- [Stored dataset items]
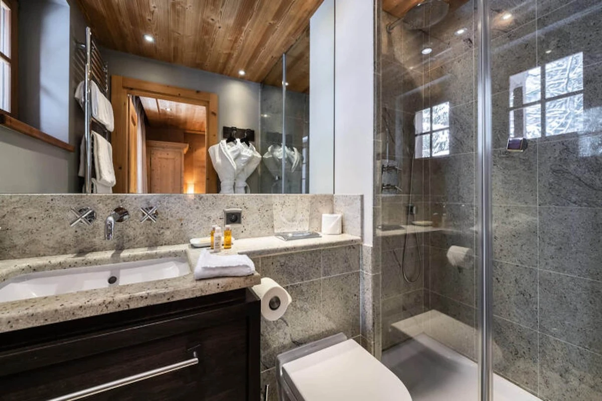 Het chalet is ideaal gelegen nabij de Rochebrune-gondel, waardoor u gemakkelijk toegang heeft tot de pistes en het centrum van Megève. De accommodatie beschikt over een tuin en een terras waar u in een rustige omgeving van het buitenleven kunt genieten. Voor uw gemak beschikt het chalet over een garage voor één auto, een schoenendroger en een wasruimte. Op de tweede verdieping beschikt de woonkamer over een open haard met gesloten haard, omgeven door comfortabele fauteuils en poefs.
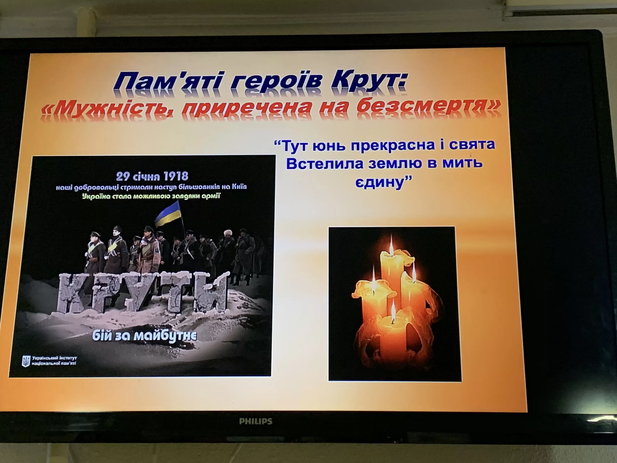 «В ці хвилини ми не можемо не сказати, що в наш час є такі ж незламні духом, незборимі борці за волю та справедливість. Сьогодні ми перейняли естафету від Героїв Крут і продовжуємо боротьбу за нашу незалежність – сказала вихователька. – Нехай пам’ять про наших героїв . які загинули під Крутами і хто віддав своє життя сьогодні – буде вічною. Нехай їхня смерть буде для нас прикладом, як треба любити свою Батьківщину».
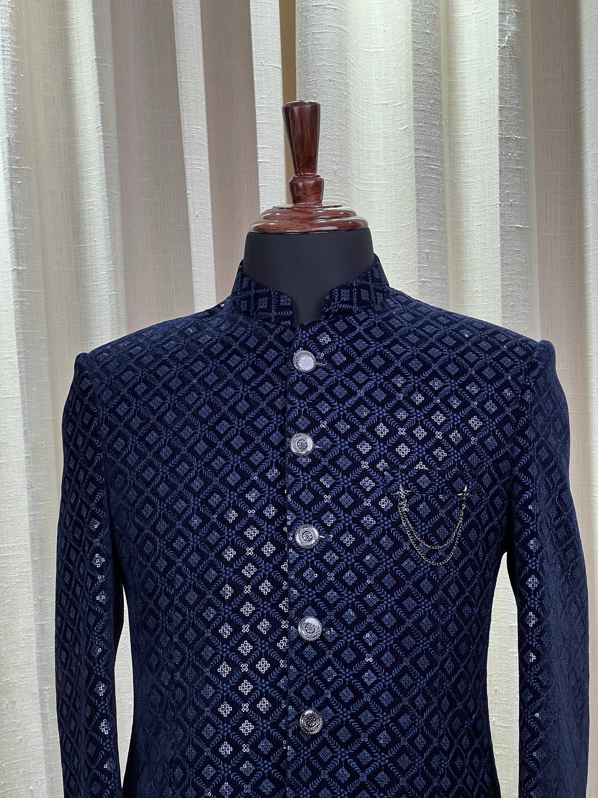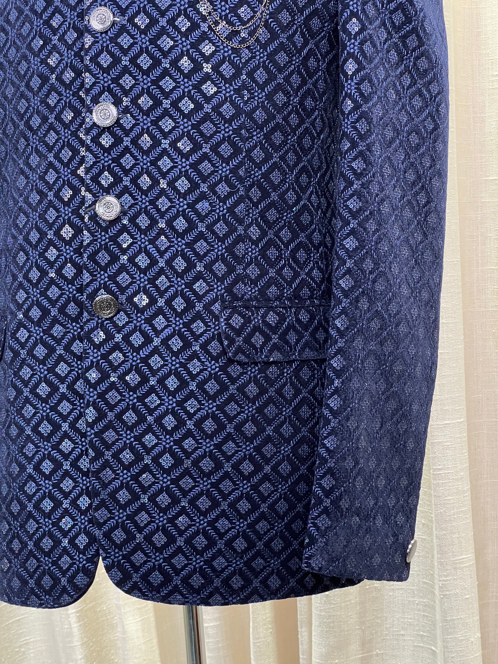 Command attention with this luxurious midnight blue Jodhpuri suit, tailored from plush velvet for a rich and regal appearance. The suit showcases a refined all-over geometric pattern in a shimmering silver tone, adding a layer of sophistication to the deep blue base. Silver-toned embossed buttons and a delicate chain brooch accentuate the classic bandhgala collar and structured silhouette, creating a look that’s both stately and stylish. Perfect for evening receptions, weddings, or high-end formal gatherings, this Jodhpuri exudes timeless elegance with a contemporary twist.
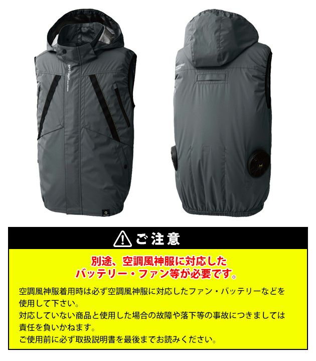 | 【ご注意】 | ファン、バッテリーは別売りです。 空調風神服着用時は必ず対応するファン・バッテリーをご使用ください。 取扱説明書をよく読み、正しくご使用ください。 |
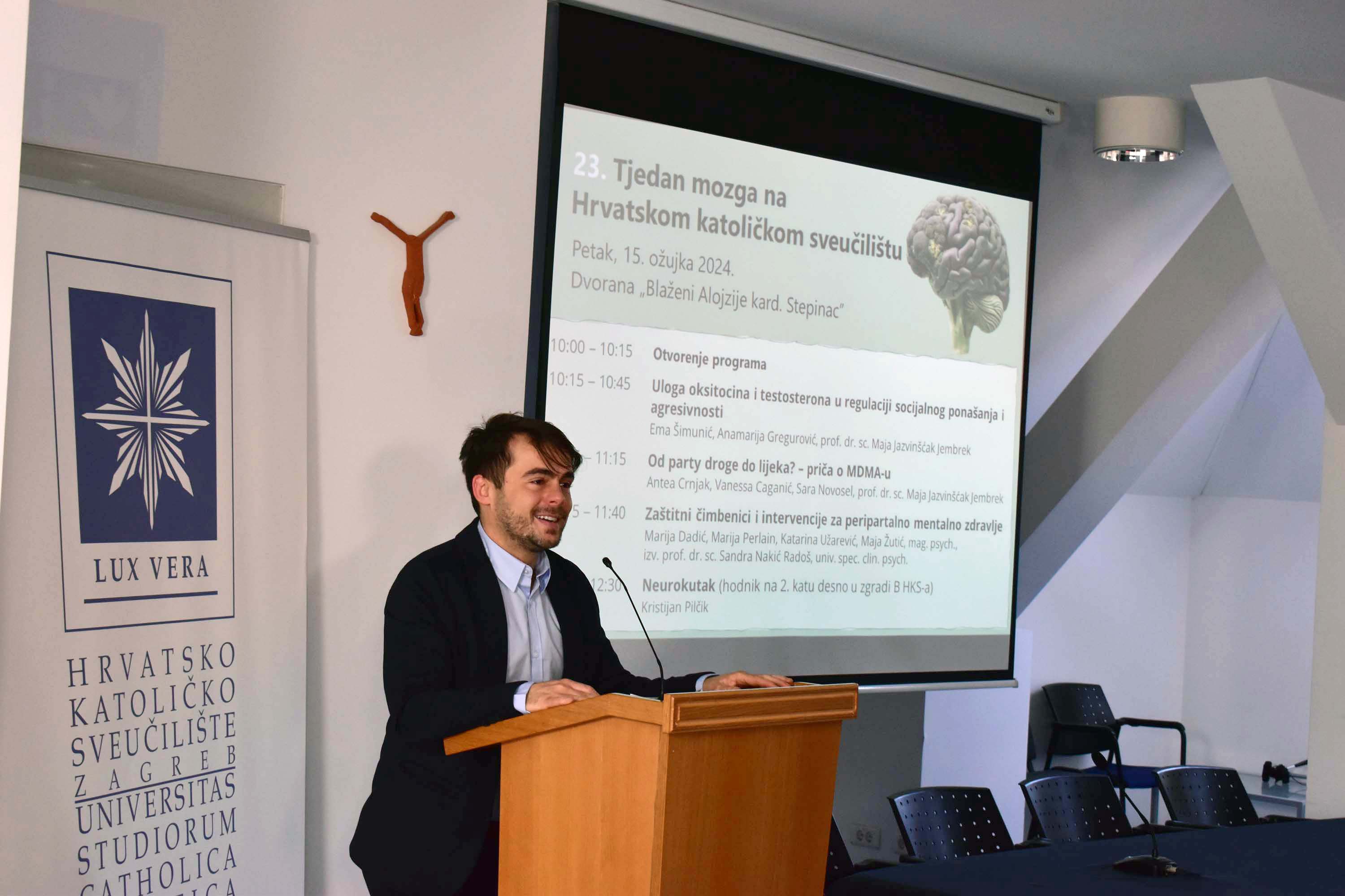 U tjednu od 11. do 17. ožujka 2024. godine održao se 23. po redu Tjedan mozga, a ove godine, po osmi puta obilježavanju ove manifestacije pridružio se i Sveučilišni odjel za psihologiju Hrvatskog katoličkog sveučilišta! Glavni organizatori bili su dr. sc. Marijana Matijaš i dr. rer. nat. Dominik-Borna Ćepulić. Program obilježavanja Tjedna mozga na HKS-u održao se u petak 15. ožujka 2024. u okviru kojeg su studenti pod mentorstvom nastavnika našeg odjela pripremili nekoliko predavanja. Na samom početku programa, sudionike je pozdravio pročelnik Sveučilišnog odjela za psihologiju doc. dr. Dragan Glavaš, prorektor za nastavu prof. dr. sc. Roko Mišetić te dr. rer. nat. Dominik-Borna Ćepulić koji je vodio program.
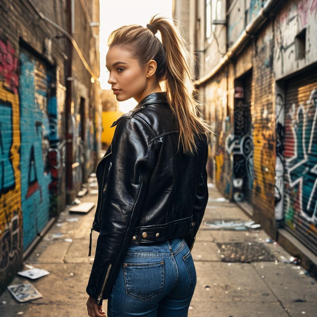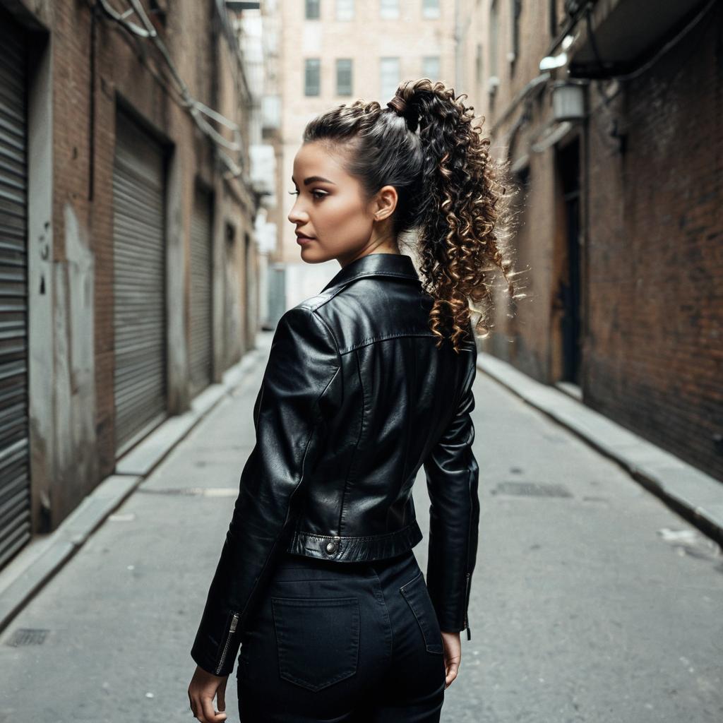 Curly Ponytail hairstyle on woman, wearing tailored leather jacket with silk blouse, in urban alleyway, captured in fashion editorial style with soft diffused daylight.
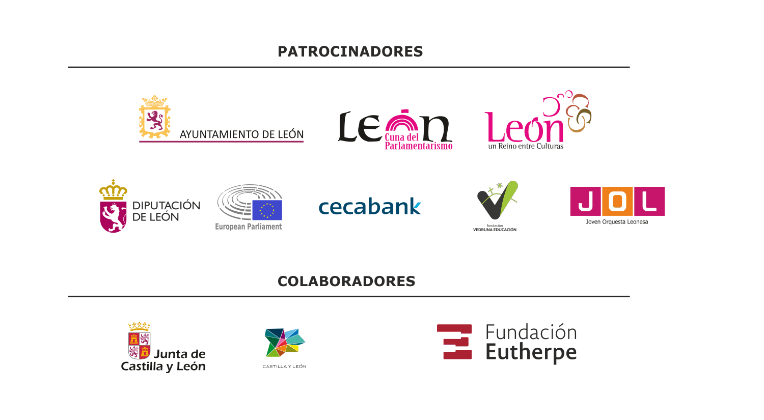 Hotel Conde Luna • Residencia de San Francisco • Conservatorio Profesional de Música de León "Castro Ovejero" • Auditorio “Ángel Barja” • Diario de León • La Nueva Crónica • Gente León • Medios de Comunicación de León • Asesoría Barroso • Colegio Ntra. Sra. del Carmen y Colegio Sagrado Corazón (León) • Asociación Joven Orquesta Leonesa
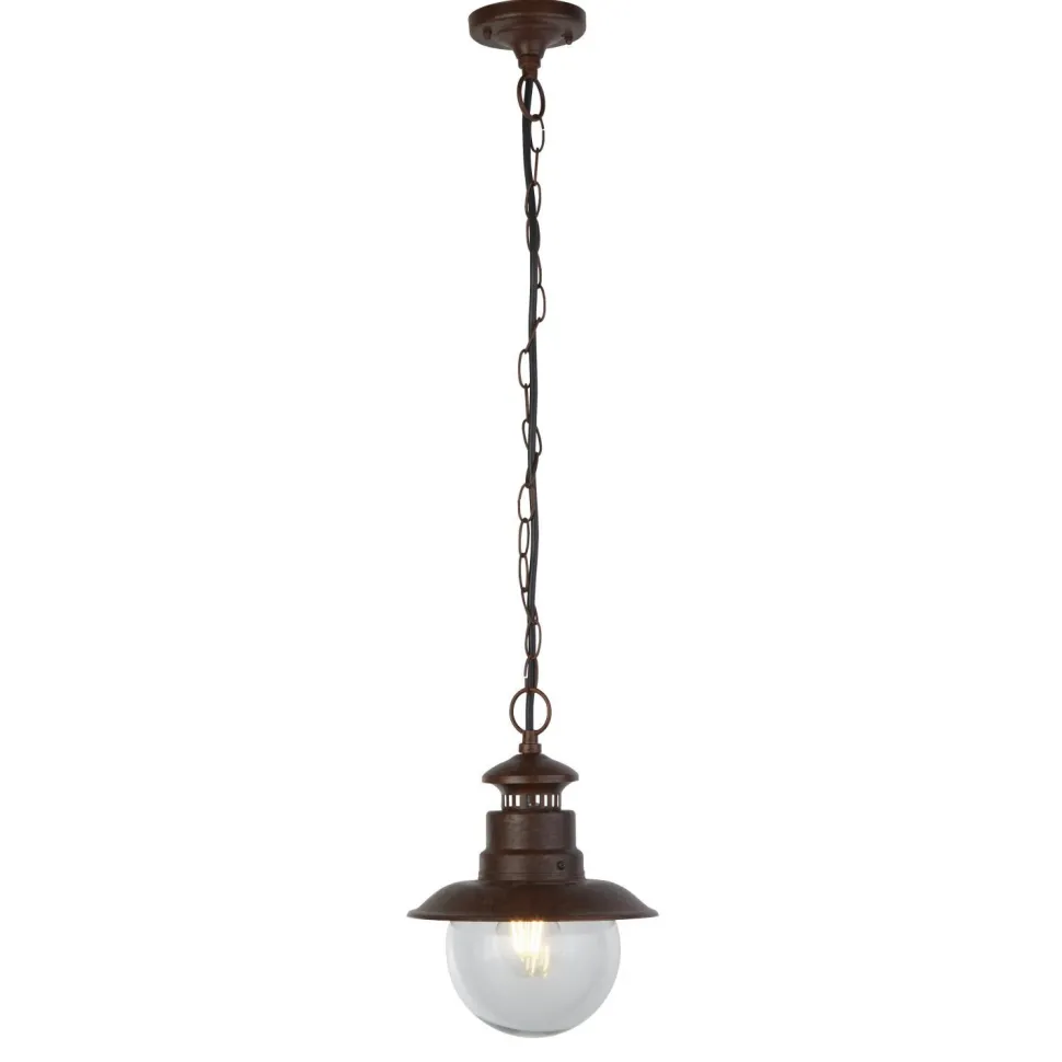 Das nautische Vintage Design erinnert an eine antike Hafenlaterne und wird durch die rostbraune Farbe weiter betont – ein dekorativer Blickfang für Haus, Hof und Garten
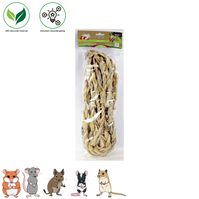 The Banana Rope for hamsters and other rodents is a fantastic addition to their living space. After a busy day of playing and exploring, this unique toy provides the perfect opportunity for your little friend to express their natural behavior and enjoy their environment. This rope is specially designed to meet the needs of curious rodents such as hamsters, mice, rats, and guinea pigs.
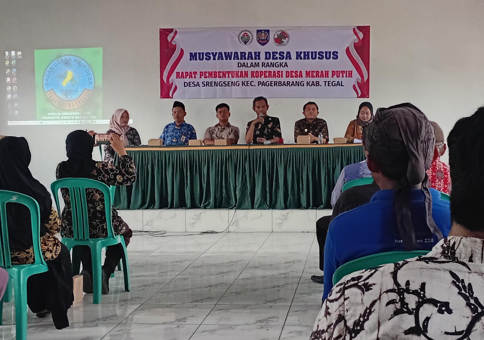 Acara kegiatan musyawarah desa khusus dalam rangka rapat pembentukan koprasi Merah Putih dihadiri oleh Kepala desa Srengseng, Dinas koprasi kabupaten Tegal,Sekcam Pagerbatang ,Notaris,ketua BPD,lembaga lembaga desa dan tokoh masyarakat desa Srengseng

- [Assignment] From the first line of the entries above through the line with "空調風神服着用時は必ず対応するファン・バッテリーをご使用ください。 取扱説明書をよく読み、正しくご使用ください。 |", set down each line exactly and drop the pictures.

- [Written solution]
 Het chalet is ideaal gelegen nabij de Rochebrune-gondel, waardoor u gemakkelijk toegang heeft tot de pistes en het centrum van Megève. De accommodatie beschikt over een tuin en een terras waar u in een rustige omgeving van het buitenleven kunt genieten. Voor uw gemak beschikt het chalet over een garage voor één auto, een schoenendroger en een wasruimte. Op de tweede verdieping beschikt de woonkamer over een open haard met gesloten haard, omgeven door comfortabele fauteuils en poefs.
 «В ці хвилини ми не можемо не сказати, що в наш час є такі ж незламні духом, незборимі борці за волю та справедливість. Сьогодні ми перейняли естафету від Героїв Крут і продовжуємо боротьбу за нашу незалежність – сказала вихователька. – Нехай пам’ять про наших героїв . які загинули під Крутами і хто віддав своє життя сьогодні – буде вічною. Нехай їхня смерть буде для нас прикладом, як треба любити свою Батьківщину».
 Command attention with this luxurious midnight blue Jodhpuri suit, tailored from plush velvet for a rich and regal appearance. The suit showcases a refined all-over geometric pattern in a shimmering silver tone, adding a layer of sophistication to the deep blue base. Silver-toned embossed buttons and a delicate chain brooch accentuate the classic bandhgala collar and structured silhouette, creating a look that’s both stately and stylish. Perfect for evening receptions, weddings, or high-end formal gatherings, this Jodhpuri exudes timeless elegance with a contemporary twist.
 | 【ご注意】 | ファン、バッテリーは別売りです。 空調風神服着用時は必ず対応するファン・バッテリーをご使用ください。 取扱説明書をよく読み、正しくご使用ください。 |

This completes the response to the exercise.